Member of the Minnesota Senate from the 43rd district 55th (1997–2012)
- In office January 7, 1997 – January 2, 2023
- Preceded by: Kevin Chandler
- Succeeded by: Ann H. Rest

Personal details
- Born: September 14, 1951 (age 74) Saint Paul, Minnesota
- Party: Minnesota Democratic–Farmer–Labor Party
- Children: 5
- Alma mater: Hamline University University of Colorado Hamline University School of Law
- Occupation: attorney, writer, legislator

= Chuck Wiger =

American politician

Charles W. "Chuck" Wiger Sr. (/ˈwiːgər/ WEE-ger; born September 14, 1951) is a Minnesota politician and former member of the Minnesota Senate. A member of the Minnesota Democratic–Farmer–Labor Party (DFL), he represented District 43, which includes parts of Ramsey and Washington counties in the northeastern Twin Cities metropolitan area.

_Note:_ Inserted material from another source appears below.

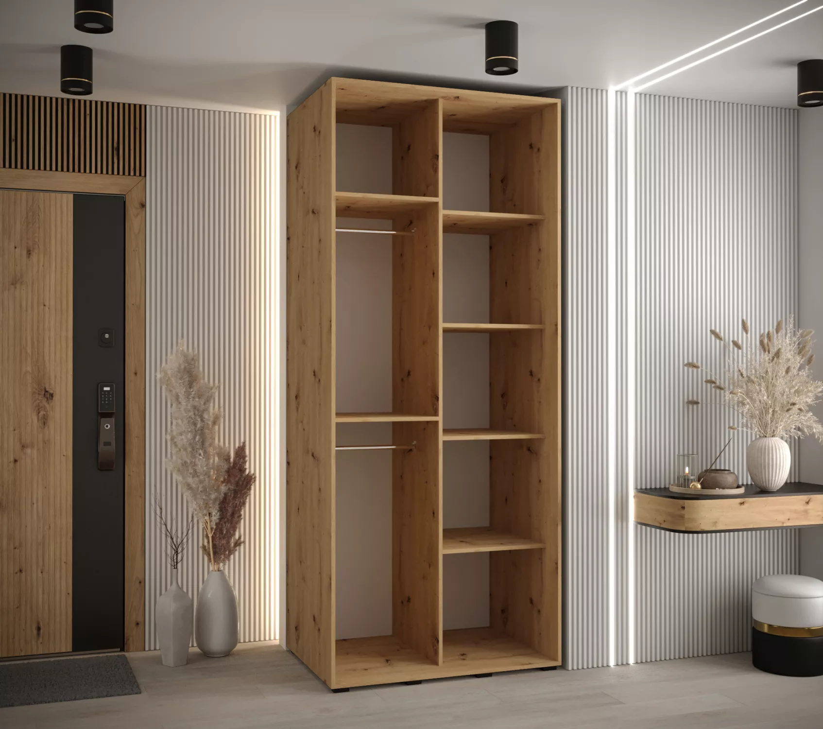 Šatní skříň YVONA 12 - 100/60 cm, dub artisan / černá / černá
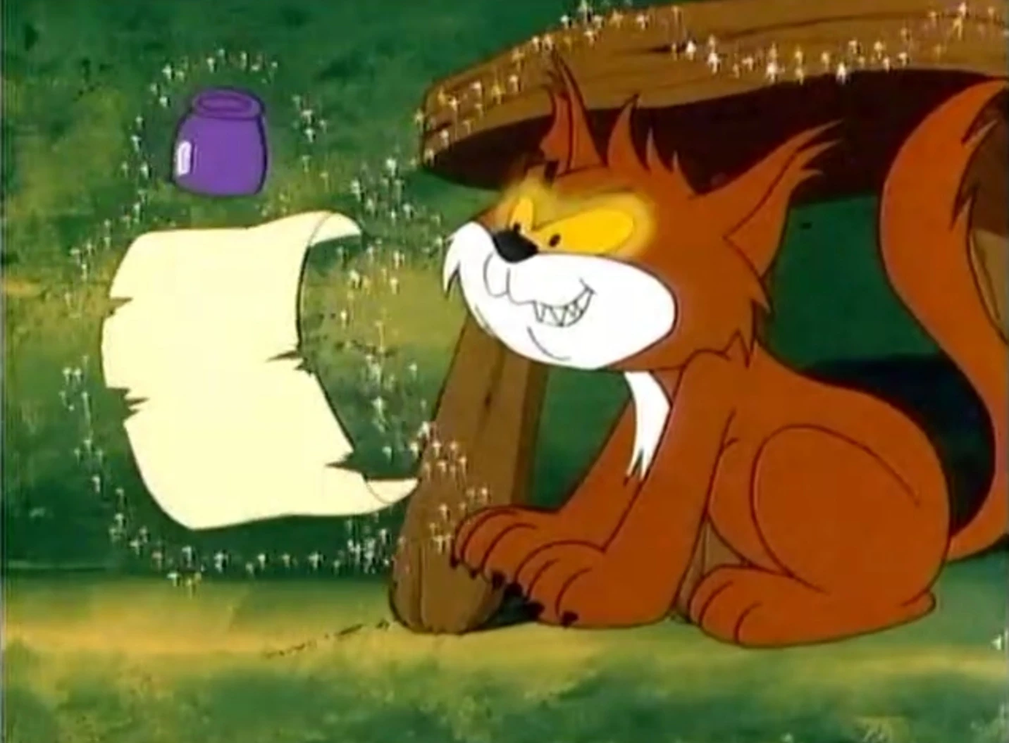 Azrael laughs out the Smurf song while he uses another piece of paper to show Gargamel something that he has just come up with: a Smurf catching machine. Gargamel thinks that the idea is brilliant and sees that his cat is now a genius thanks to his brain boosting formula, but as Scruple says that he wants to see Azrael try to build it, the cat makes tools come out of a chest and hands them over to Scruple, indicating that he's the one who's going to build the machine. Scruple objects to this, only to be swatted in the butt by a saw that Azrael controls with his paw, making him change his mind. Gargamel is pleased with how his cat is taking charge of deciding who gets to build the machine, saying why should the creator do all the work when he can get someone "dumber" than him to do it, and then Azrael has the tools handed over to Gargamel, suggesting that he's going to be the builder.

==Early life, education, and career==
Wiger graduated magna cum laude from Hamline University in Saint Paul in 1974 and earned his J.D. from the Hamline University School of Law in 1977. In 1993 he attended graduate school at the School for Institution Management at the University of Colorado in Boulder.

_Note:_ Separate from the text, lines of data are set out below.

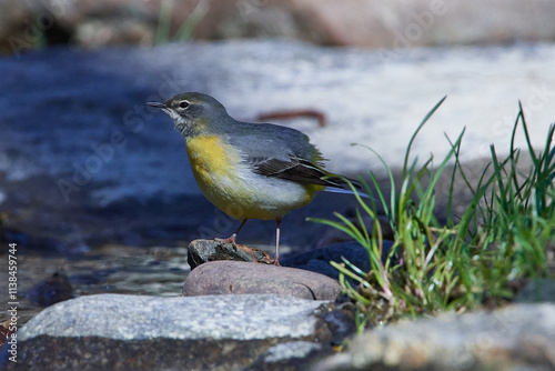 Fototapeta premium Gebirgsstelze im Frühjahr an der Spree in der Oberlausitz
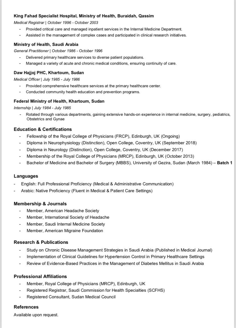 أخصائي أول الطب الباطن والأعصاب مصنف من الهيئة السعودية بتصنيف بنائب، كذلك زميل الكلية الملكية للأطباء الباطنة في (إدنبره) مسجل ومصنف من قبل المجلس الطبي الايرلندي. للترخيص فقط أو العمل. الرجاء التواصل على الرقم التالي
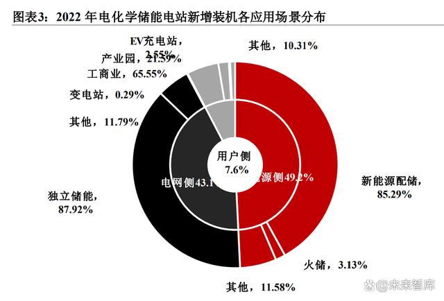 主要場景包括工商業(yè)、產(chǎn)業(yè)園、EV充電站、港口岸電、其他海島/校園/社區(qū)等。儲(chǔ)能裝置在用電低谷時(shí)充電,在用電高峰時(shí)放電,利用高峰和低谷的電價(jià)差,節(jié)省用電費(fèi)用,從中可獲取經(jīng)濟(jì)效益,因此戶用儲(chǔ)能主要集中在高電價(jià)及高電價(jià)差的國家或地區(qū)。國內(nèi)用戶側(cè)以工商業(yè)儲(chǔ)能(占比65.55%)為主,產(chǎn)業(yè)園儲(chǔ)能、EV充電站的占比也在逐漸提升,在新增裝機(jī)中占比21.59%、2.55%。
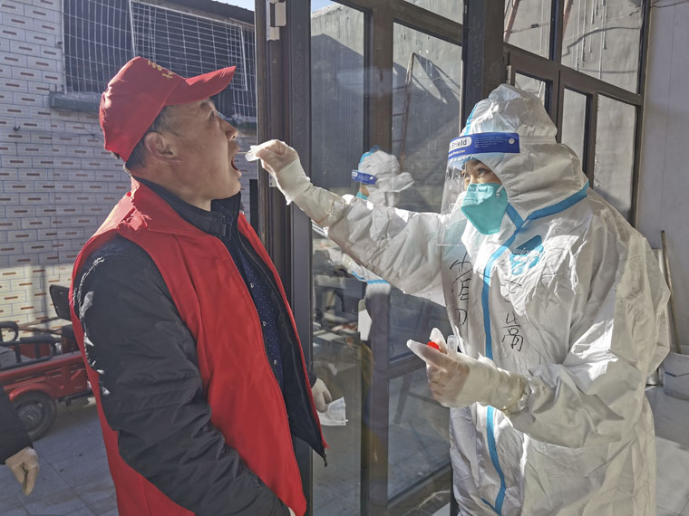 凌晨4:30,我们30人集结于医院,整装待发,奔赴藁城。抵达后迅速组织开展工作,我们被分到四个村子,两人一组负责一个片区,虽然做了充分的准备,但还是遇到了很多困难。我们在零下17度的环境下户外作业,一口气工作10个小时以上,经常是凌晨6点吃早饭,直到下午4、5点才能吃上午饭。如此刺骨的寒冷是我从未体验过的,但是为了不让乡亲们等太久,我们让村干部每次只通知4到5户人家,采集完了再通知其余几户。乡亲们看我们太辛苦,心疼地说:“我们站五分钟都冻得直跺脚,你们一待就是10几个小时,太不容易了。”在南营村,60多岁的老村长给我们收集来许多暖宝宝,懂事的小朋友在采完核酸后,向我们深深地鞠躬、敬队礼,乡亲们看见我们隔离衣上写着省四院的标记,纷纷竖起大拇指点头称赞:“省四院,真是棒!”

Wiger has been active in Ramsey County and metropolitan government. He was a member of the Metropolitan Council from 1983 to 1989. He is a former chair and member of the Ramsey County Soil and Water Conservation District, a member of the Ramsey County Parks and Recreation Commission and a liaison to the Metropolitan Parks and Open Space Commission.

Wiger is an attorney and a writer by profession. Before joining the Senate, he managed chambers of commerce.

==Minnesota Senate==
Wiger was first elected to the Senate in 1996 as a Democratic-Farmer-Labor Party candidate and was reelected five times. During his tenure, he served on the Education, Finance, Environment, Veterans, State and Local Government, Jobs and Community Development, Rules and Administration, and Transportation Committees.

His special legislative concerns included education, economic development, the environment, and water sustainability. The Minnesota Association of Charter Schools named Wiger the 2022 Charter School Champion for championing legislation for public school education in the Minnesota Senate.

==Personal life==
Wiger has actively served the education community in his area. He was elected to the North St. Paul-Maplewood-Oakdale Community Education Board in 1973 at age 21, and served until 1990. He was also founding chair of the East Communities Youth Service Bureau, and served as a director for Northeast Metropolitan Intermediate School District 916.

His is the father of five children, including Carolyn Wiger, who competed on Survivor 44 and on the third season of The Traitors.